A deceased human adult is heavy and usually must be carried to a designated place of burial or cremation. Even when mechanical means of transportation are used, the dead body must be transferred from the place of death to the vehicle and from the vehicle to the burial or cremation site. Out of respect for the dead person, this transfer is usually performed by other humans.

Morticians are required to move corpses many times during the course of body preparation and funerals. Although there were no studies found that addressed this issue, low-back pain and injury is associated with prolonged repetitive lifting of heavy objects. There are lifting devices available which can assist with these types of lifts.

Chemical Hazards

Embalming procedures introduce a number of potent chemicals into the workspace of funeral workers. Perhaps the most widely used and toxic of these is formaldehyde. Formaldehyde is irritating to the mucous membranes, the eyes, the nasal lining and the respiratory system, and has been associated with mutagenic cell changes and the development of cancer, as well as occupational asthma. During the past several decades the occupational exposure level associated with no adverse effects has been consistently lowered. Current 8-hour time-weighted average permissible exposure limits range from 0.5 ppm in Germany, Japan, Norway, Sweden and Switzerland to 5 ppm in Egypt and Taiwan (IARC 1995c). Formaldehyde levels between 0.15 and 4.3 ppm, with instantaneous levels as high as 6.6 ppm, have been reported for individual embalmings. An embalming typically takes between 1 and 2 hours. Additional formaldehyde exposure is associated with the application of embalming creams and drying and hardening powders, and during spills.

Rats that have been chronically exposed to 6 to 15 ppm of formaldehyde (Albert et al. 1982; Kerns et al. 1982; Tobe et al. 1985), or repeatedly exposed to 20 ppm for 15-minute periods (Feron et al. 1988), have developed nasal carcinomas (Hayes et al. 1990). The IARC reports limited epidemiological evidence for an association between formaldehyde exposure in industry and the development of human nasal and pharyngeal cancers (Olsen and Asnaes 1986; Hayes et al. 1986; Roush et al. 1987; Vaughan et al. 1986; Blair et al. 1986; Stayner et al. 1988). Several studies of morticians, however, have reported an increased incidence of leukaemias and brain tumours (Levine, Andjelkovich and Shaw 1984; Walrath and Fraumeni 1983). In addition to the carcinogenic effects, formaldehyde is irritating to the mucous membranes and has been considered a strong sensitizer in the development of adult-onset asthma. The mechanism or mechanisms by which formaldehyde precipitates asthma are even less well characterized than its role in the development of cancer.

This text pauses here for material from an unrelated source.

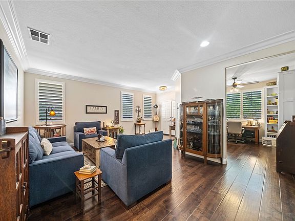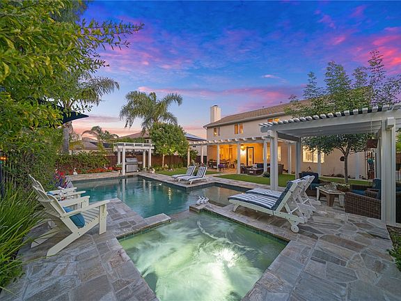 Come home to your own private oasis with this stunning Crowne Hill property featuring lush landscaping and trees, offering privacy and serenity in the backyard. Enjoy relaxing evenings by the fire pit in conversation with friends. The trees are highlighted with ambient lighting to create a magical atmosphere. The end to end alumiwood patio cover provides shade and shelter, making it perfect for outdoor entertainment. The backyard features stunning quartzite natural stone hardscaping and a beautiful pebble tech saltwater pool and spa, perfect for cooling off during hot summer days. Step inside to a spacious and modern interior with a large kitchen boasting quartz counters, Kitchenaid appliances, custom tile backsplash, and under cabinet lighting. All three bathrooms have been remodeled with quartz countertops, custom tile work, and modern finishes, providing a luxurious experience for you and your guests. The living room is adorned with a floor-to-ceiling custom stone wall at the fireplace and a beautiful custom mantel. Custom built bookcases in the office downstairs provide ample storage space, while door casings, updated hardware, shutters, modern lighting, and ceiling fans complete the look of this beautiful property. Don’t miss out on this stunning home that offers privacy, luxury, and tranquility all in one!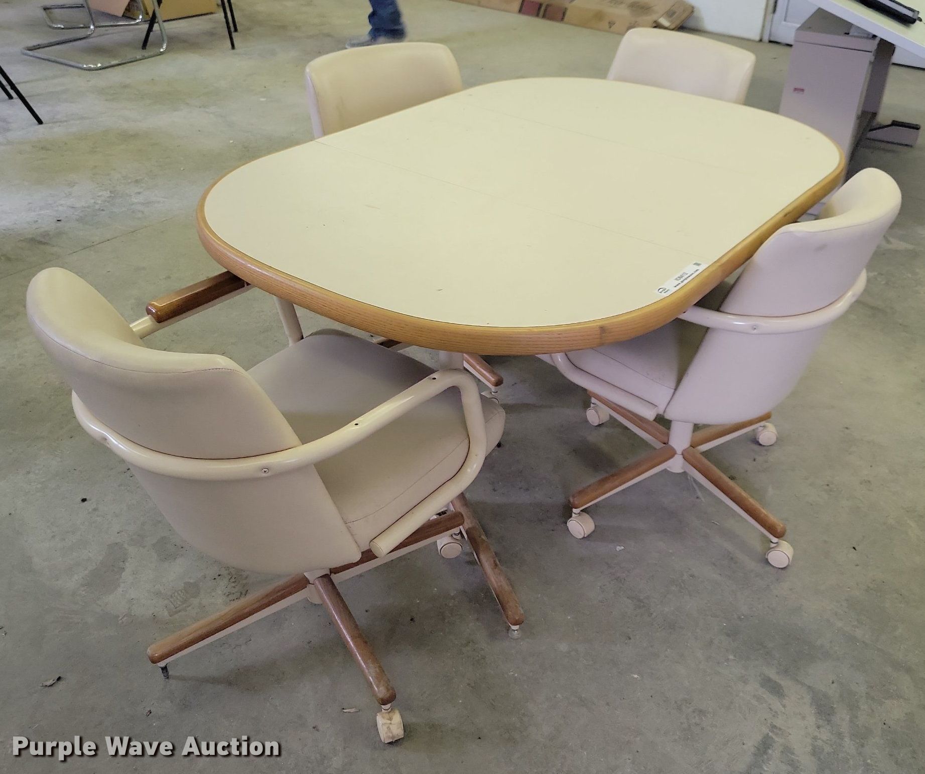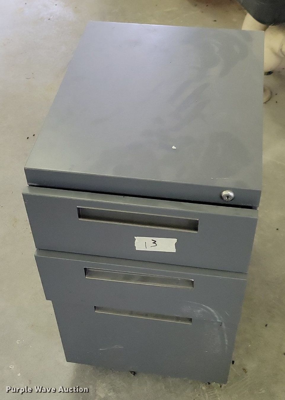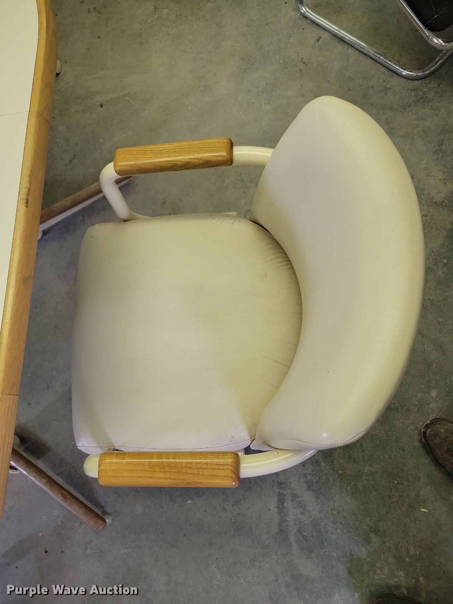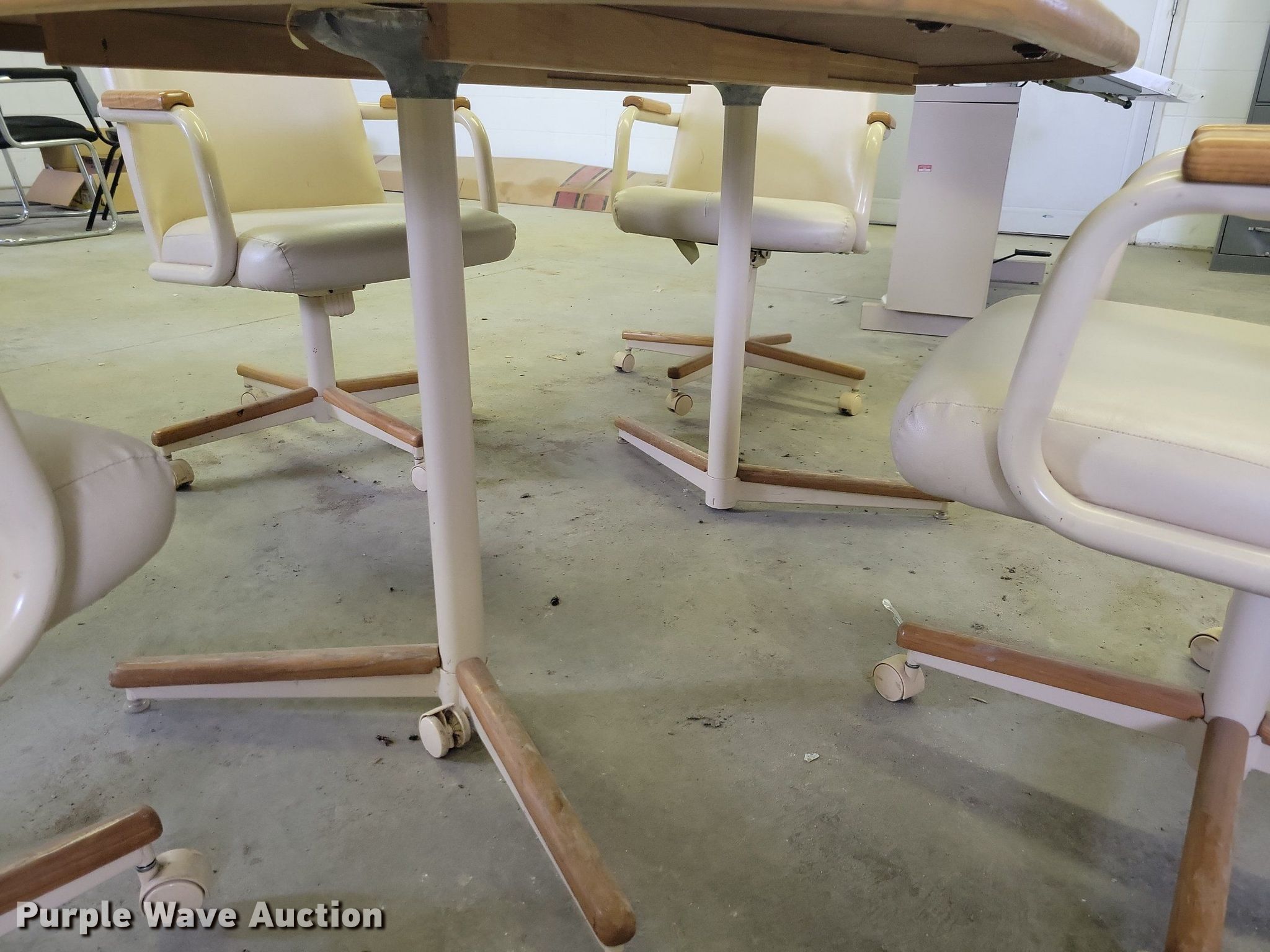 Purple Wave is selling a used Office Supplies and Equip. in Iowa. This item is a Office supplies and equipment with the following: (4) roller chairs, Table, 40" x 58", Desk, 40" x 26", File cabinet

Other potentially toxic chemicals used in embalming fluids include phenol, methanol, isopropyl alcohol and glutaraldehyde (Hayes et al. 1990). Glutaraldehyde appears to be even more irritating than formaldehyde to the mucous membranes, and affects the central nervous system at levels well above 500 ppm. Methanol also affects the central nervous system and, in particular, the vision system. Phenol appears to affect the nervous system as well as the lungs, heart, liver and kidneys, and is absorbed quite rapidly through the skin. Our understanding of the toxicology of, and our ability to perform risk assessment for, exposure to multiple chemicals simultaneously are not sufficiently sophisticated to analyse the physiological effects of the mixtures to which embalmers and funeral directors are exposed. Blair et al. (1990a) thought that the increased incidence of leukaemias and brain tumours reported in professional, but not industrial, workers was a result of exposure to chemicals other than formaldehyde.

Recent advances in the design of dissecting tables indicate that local downdrafting of vapours significantly reduces the exposure of individuals working in the vicinity (Coleman 1995). Wearing gloves while performing procedures that require skin contact with embalming fluids and creams also reduces the hazard. There has been some concern, however, that some of the latex gloves on the market may be permeable to formaldehyde. Therefore, protective gloves should be selected carefully. In addition to the immediate concerns about the hazards of formaldehyde exposure, evidence has been accumulating that leachate from cemeteries may lead to formaldehyde contamination of groundwater.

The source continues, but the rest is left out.